Overview
Removing HTML tags from strings is a common task in PHP development, ensuring clean text for processing, storage, or display. Proper handling of HTML cleanup promotes security and data integrity.
Basics of Stripping HTML Tags
PHP provides a built-in function strip_tags()
, which strips HTML and PHP tags from a string.
$stringWithHtml = '<h1>Hello World!</h1>';
$cleanString = strip_tags($stringWithHtml);
echo $cleanString; // Outputs: Hello World!
However, sometimes you might want to allow certain tags for formatting purposes.

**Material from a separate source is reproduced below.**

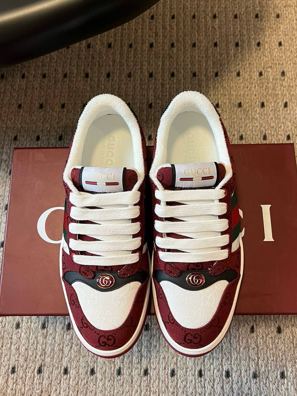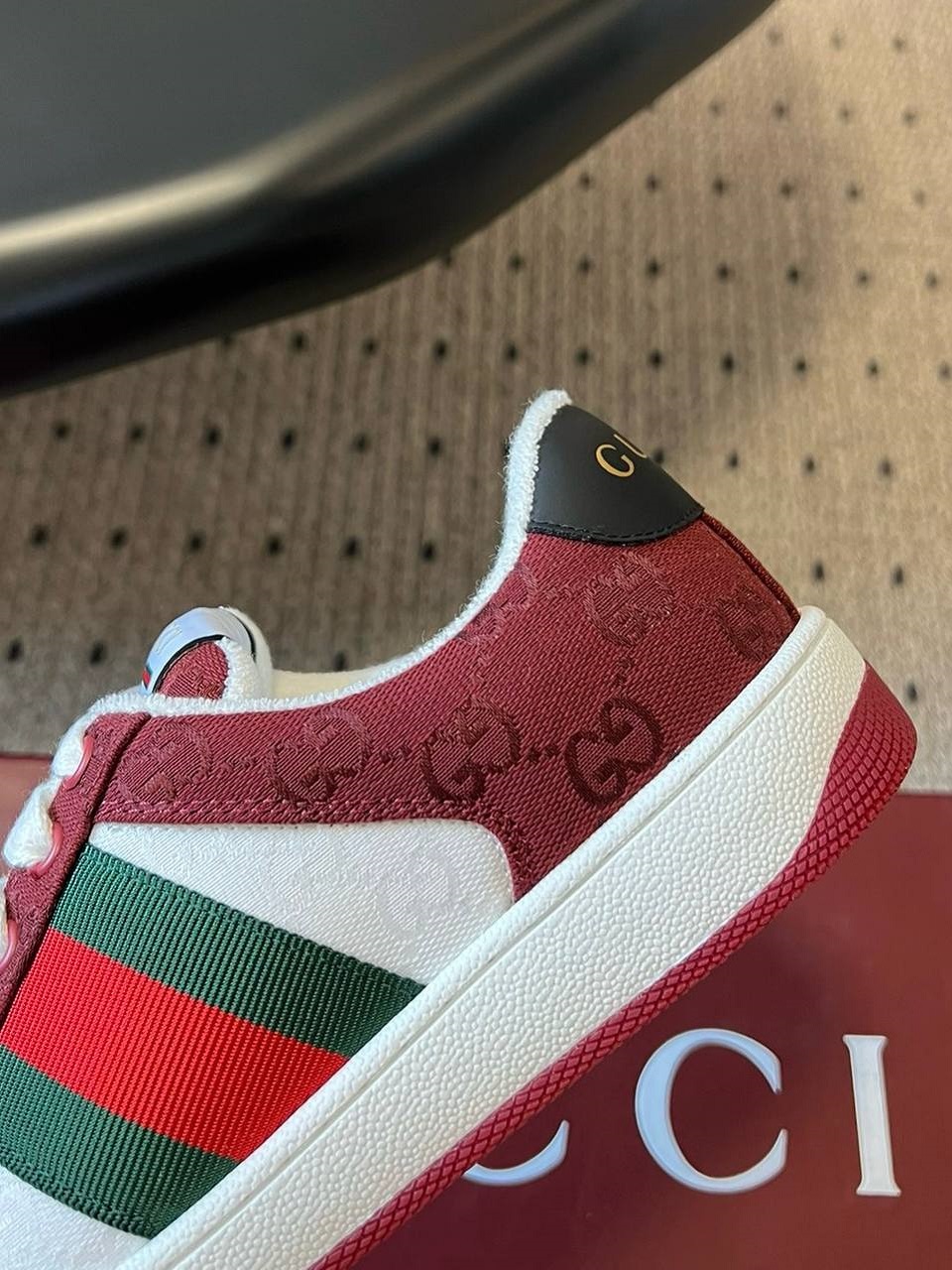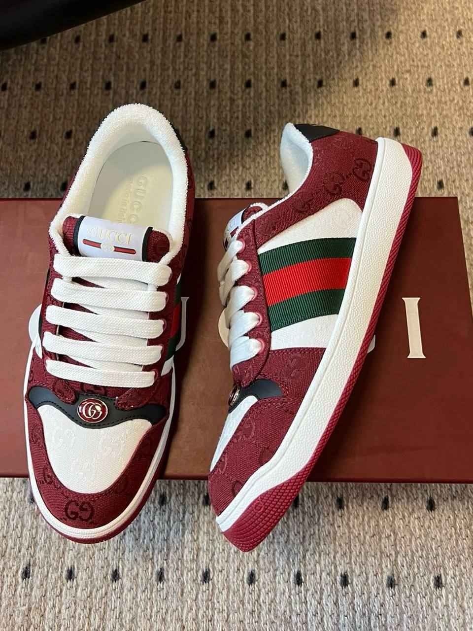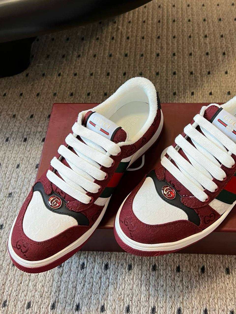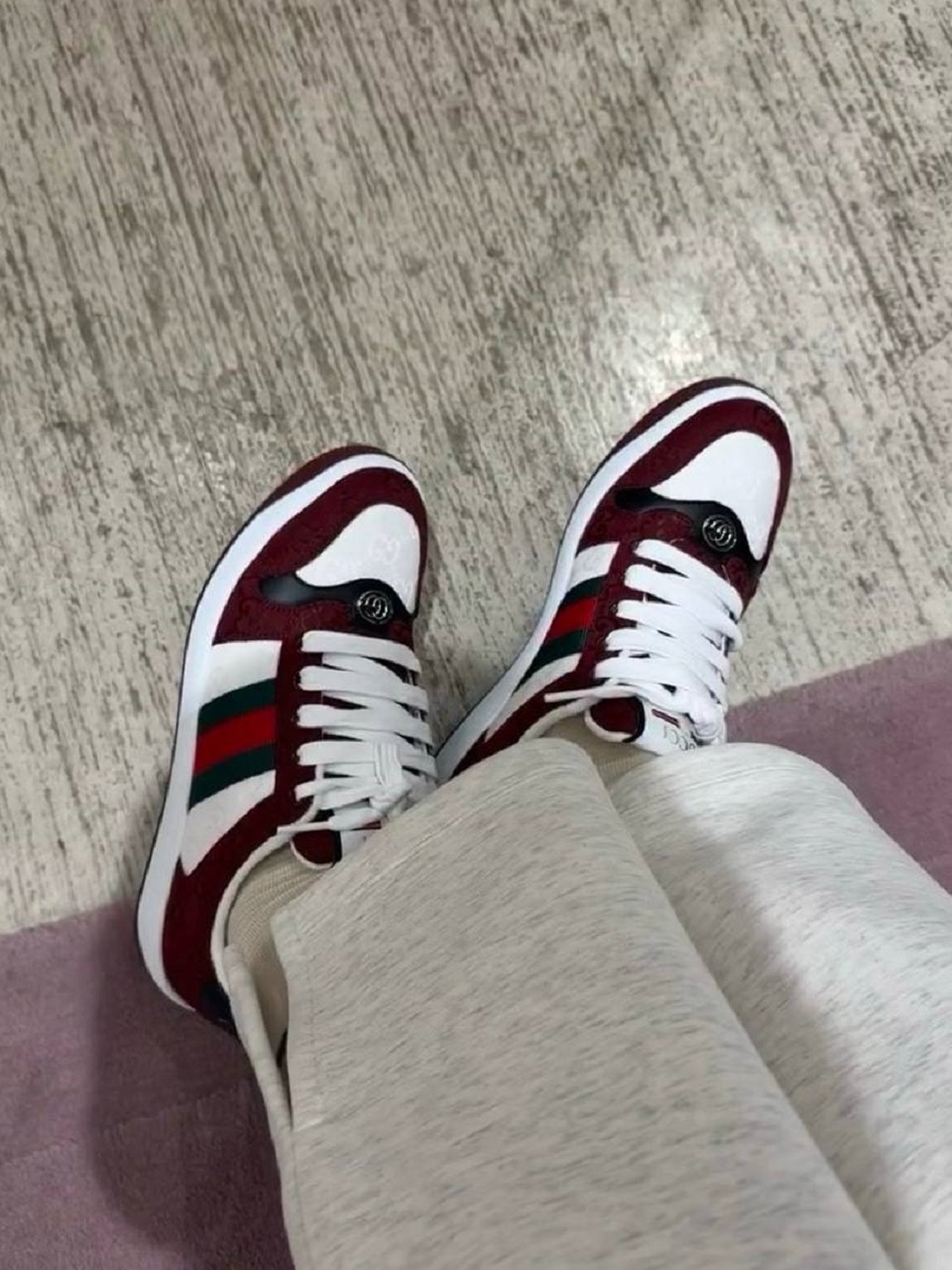 Кеды Gucci Screener отделаны полосатой тесьмой — фирменный стиль дома, впервые появившийся в 50-х годах. Сделанные в Италии из кожи, они отделаны вставками из хлопка с надписями бренда.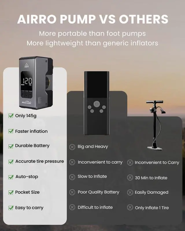 Smart Auto-Stop & User-Friendly DesignAutomatically stops at your preset PSI/Bar to prevent over/under-inflation. Easily switch units, set targets, and control the bike pump portable with intuitive one-touch operation. falseLong-Lasting & Rapid RechargePowered by a 7.4V 500mAh battery (3-4 full charges at 80PSI) and Type-C fast charging (45 mins), this mini air pump ensures readiness for travel, emergencies, or dailyelectric bike pump use. false- Powerful & Efficient Electric Bike PumpEquipped with a robust brushless motor, this mini bike pump delivers a max pressure of 120PSI, perfect for electric bike, bike tire pump, and bicycle pump needs.

$stringWithHtml = '<p>Hello,<span style="color:red;"> World!</span></p>';
$allowedTags = '<p><span>';
$cleanString = strip_tags($stringWithHtml, $allowedTags);
echo $cleanString; // Outputs: <p>Hello,<span style="color:red;"> World!</span></p>
Dealing with Malicious Code
While strip_tags()
is effective, it may not be enough to prevent XSS attacks. Here’s where htmlspecialchars()
comes into play, converting special characters to HTML entities.
$stringWithHtml = '<script>alert("XSS Attack!")</script>' +
'<div>Some text</div>';
$safeString = htmlspecialchars($stringWithHtml);
echo $safeString; // Outputs: <script>alert("XSS Attack!")</script><div>Some text</div>
Custom HTML Tag Stripping Functions
What if you need more control? You can write custom functions using regular expressions with preg_replace()
.
$stringWithHtml = '<div style="font-size: 18px;">Text</div>';
$cleanString = preg_replace('/<\/?.+?(>|$/s', '', $stringWithHtml);
echo $cleanString; // Outputs: Text
Using DOMDocument for Advanced HTML Manipulation
For more complex operations, such as removing scripts but keeping other tags intact, the DOMDocument
class is very powerful.
$dom = new DOMDocument();
$dom->loadHTML($stringWithHtml);
$scriptTags = $dom->getElementsByTagName('script');
foreach ($scriptTags as $tag) {
$tag->parentNode->removeChild($tag);
}
echo $dom->saveHTML(); // Outputs HTML without script tags
Libraries for Sanitizing HTML
Third-party libraries, like HTML Purifier, provide a solid foundation for cleaning up HTML content whilst maintaining a balance between security and flexibility.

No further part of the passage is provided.